Slovenian artist Maja Smrekar is suing the right-wing Slovenian Democratic Party (SDS), for misusing her work, a performance in which she breastfed her puppy, during a referendum campaign on pension reforms. In a video interview from her studio in Ljubljana, she speaks with Musa Igrek of Freemuse about how her performance on kinship and care, K-9_topology: Hybrid Family, was turned into propaganda when an image from the exhibition was appropriated by the party. Smrekar explains why she is suing to defend artistic freedom for herself and the wider artistic community, and she reflects on how artists are increasingly pressured to self-censor while institutions hesitate to defend them.

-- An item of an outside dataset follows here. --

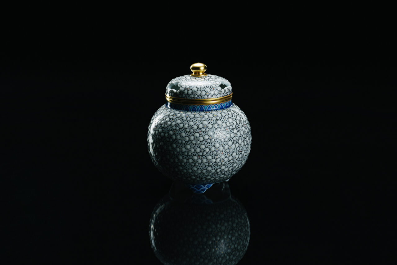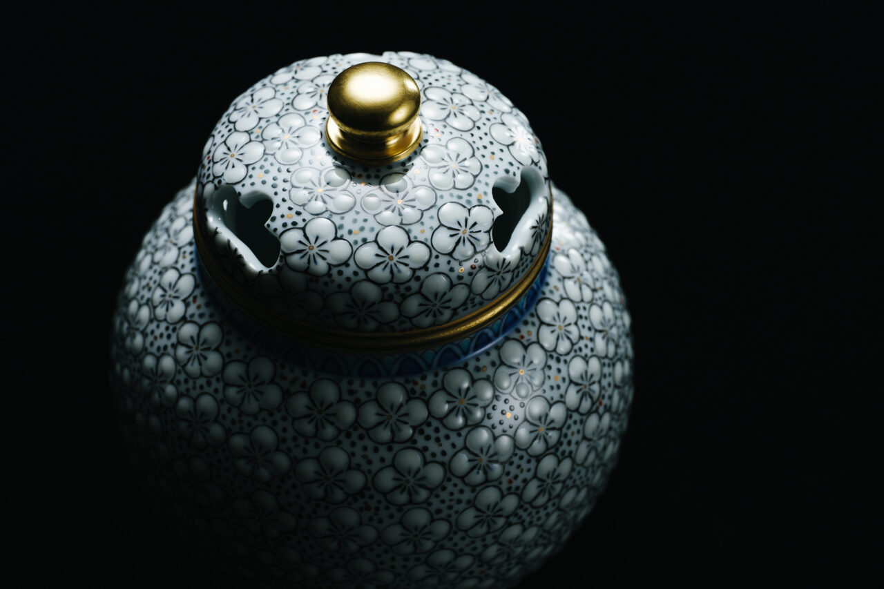 An incense burner filled with a three dimensional pattern of white plum blossoms. The plum blossom petals spreading all over the surface are softly elegant and evoke the exuberance of the coming of spring. The knobs and legs are decorated with gold and sometsuke, a blue and white painting under transparent glaze, giving the piece a noble impression. The ume-zume (literally, “packed with plum blossoms”) pattern, which is carefully hand-painted by a painter specializing in porcelain, has been passed down from generation to generation as a unique design of Hataman Touen, a kiln in Imari Nabeshima, Saga Prefecture. With its high level of painting technique, this piece is a gem with outstanding appeal and a unique expression of auspicious motifs beloved by the Japanese people.
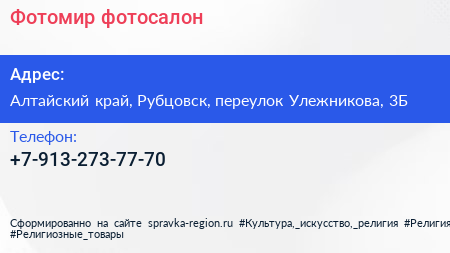 Фотомир, фотосалон по адресу Алтайский край, Рубцовск, переулок Улежникова, 3Б в дальнейшем Организация, размещена в следующих категориях:

I want to hear about the nature of your artistic practice. How do you describe your works to your family and friends? And what can you tell us about K-9_topology: Hybrid Family, especially for readers who only saw the SDS billboard or just the photo?
My artistic practice is an exploration of the kinship between humans and non-humans, including nature and technology. Through my art, I want to research and expose the dynamics of power between social order and politics, using the lens of ecological statements.
Hybrid Family is a project that is part of my broader series of works under the umbrella title K-9_topology. These works, created between 2014 and 2017, a cycle of four works in which I examined the relationship between humans and dogs—beginning with research into our parallel evolution with wolves, and moving through scenarios that imagine dogs as family and reframe our relationship to wilderness in contemporary times.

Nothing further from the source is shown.